“Throw the book at them!” I would say as I dropped off one of my daughters to participate in our city’s “Teen Court” program. It’s a system where teenagers pleading guilty to minor offences are redirected to a “court” of their peers for appropriate sentencing like restitution, community service, and even Teen Court service time of their own. The program seems to work as a way of holding young people (and their parents) accountable in a substantive way.
It’s general wisdom that both children and adults with no accountability system in place are more likely to misbehave. That’s one of the reasons I am very glad to be part of a denomination that supervises and holds accountable its clergy. It is a blessing, although sometimes a harsh one, to be held accountable.
Our text this Sunday from Romans 3:1-20 is focused on emphasizing that everyone is sinful, whether Jew or Gentile. In verses 10-18 Paul quotes a string of Old Testament texts, mostly from the Psalms, to that effect. Many of them emphasize the sinfulness of human speech in corrupt throats, tongues, lips and mouths.
Paul is arguing the universality of sin in order to eliminate any claim to escape accountability on the basis of presumed membership in God’s people through external Jewish identity markers like circumcision (verse 1). Though Jewishness offers an initial advantage (verse 2), it does not eliminate accountability. Verse 19 says that God will silence every mouth that claims a righteousness it does not really have.
It’s better to translate verse 20 more literally as “Therefore no flesh will be justified before him through works of the law, for through the law comes knowledge of sin.” “Works of the law” should be understood in the New Perspective on Paul sense of not all good works or commandments, but those which are specific Jewish identity markers, like circumcision or a kosher diet. In other words, Jewish identity alone does not justify; everyone is sinful and accountable before God. Mere possession of the law only heightens one’s awareness of sin.
So in chapter 2 Paul argued that both Jew and Gentile would be judged and here in chapter 3 now maintains that both Jew and Gentile will be held accountable for sin that is the universal human condition.
The whole thrust is to drive us forward into the concluding part of the chapter about the righteousness of God made available through faith in Jesus Christ (verses 22-24).

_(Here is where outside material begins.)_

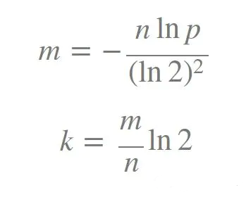 对于布隆过滤器的bit位数m,插入元素数量n,误报率p,哈希函数个数k,我们可以使用以下的公式在决定哈希函数个数和布隆过滤器长度。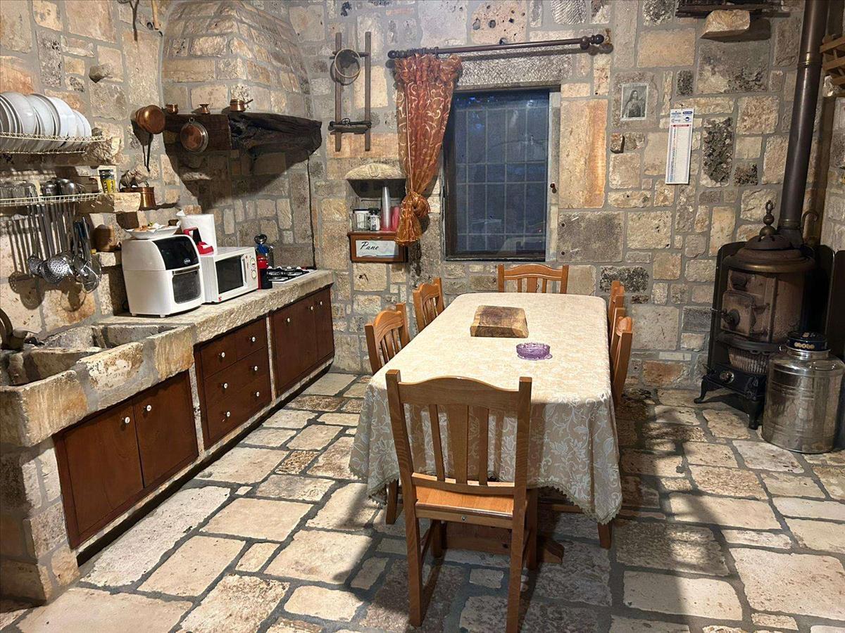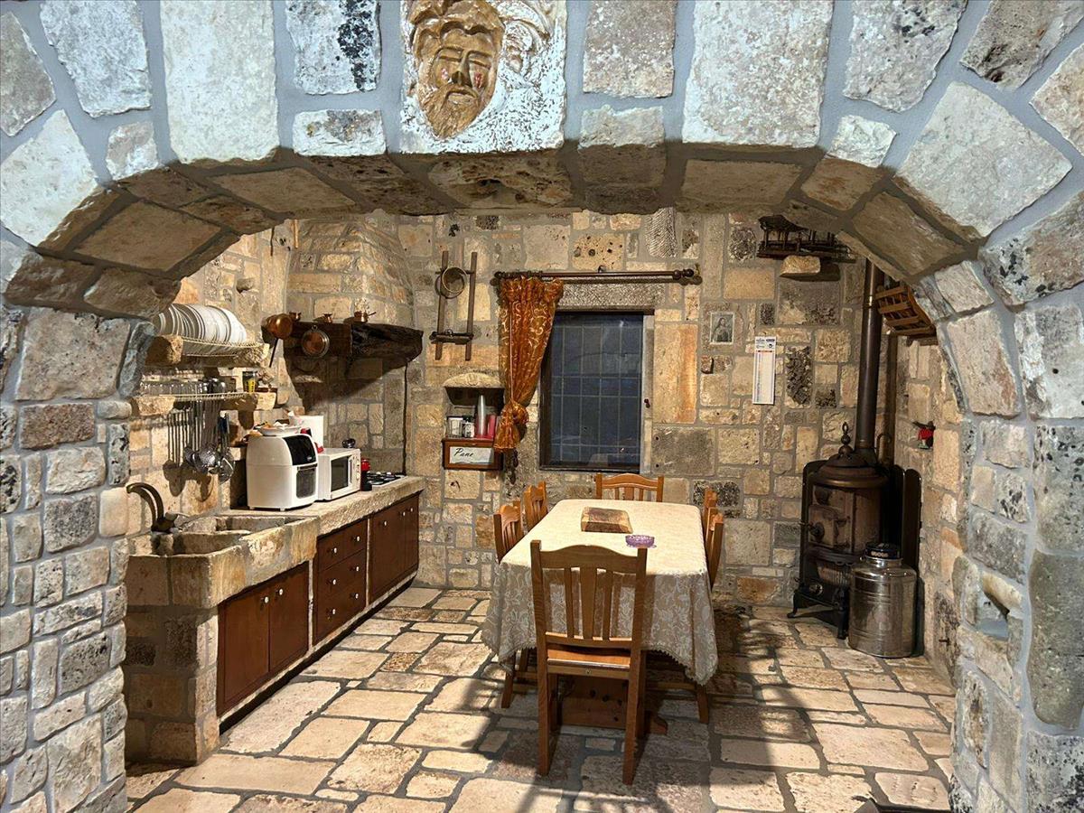 Ez egy igazi kincs: egy festői vidéki otthon, amely megmutatja a nyugodt életet. Ahogy belépsz a főépületbe, meleg és hívogató atmoszférába lépsz, amelyet egy nagy, kényelmes kandalló emel ki. A konyhafülke az étkezőhöz vezet, jellegzetes kőmosóval és gázfőzővel. Innen érkezel a második nappaliba, ahol két hálószoba közös fürdőszobával van. Az elragadó vendégház további hálószobát és fürdőszobát kínál. Külön épületben pedig szabadtéri konyha is rendelkezésre áll. A telek mérete 4 421 m², és érett olajfákkal meg virágmezőkkel övezett, nyugodt oázist teremtve. Az ingatlan előnye, hogy artesian kúttal korlátlan vízellátást biztosít.

But there’s nice precursor to that while still remaining in the present text, verses 3 and 4, which show us that though we are unfaithful, God remains faithful. Though every human mouth lies, God remains truthful. That is the hope in the midst of our own failure. The God to whom we are accountable is faithful and true, and continuing in the words of I John 1:9 “will forgive our sins and cleanse us from all unrighteousness.”
Paul wants to remove every excuse for claiming our own righteousness, whether it’s a natural goodness or an inherited connection with the people of God, and drive us toward a righteousness that results from belonging to the community of people redeemed by Jesus Christ. Acknowledging accountability is a first step toward receiving grace.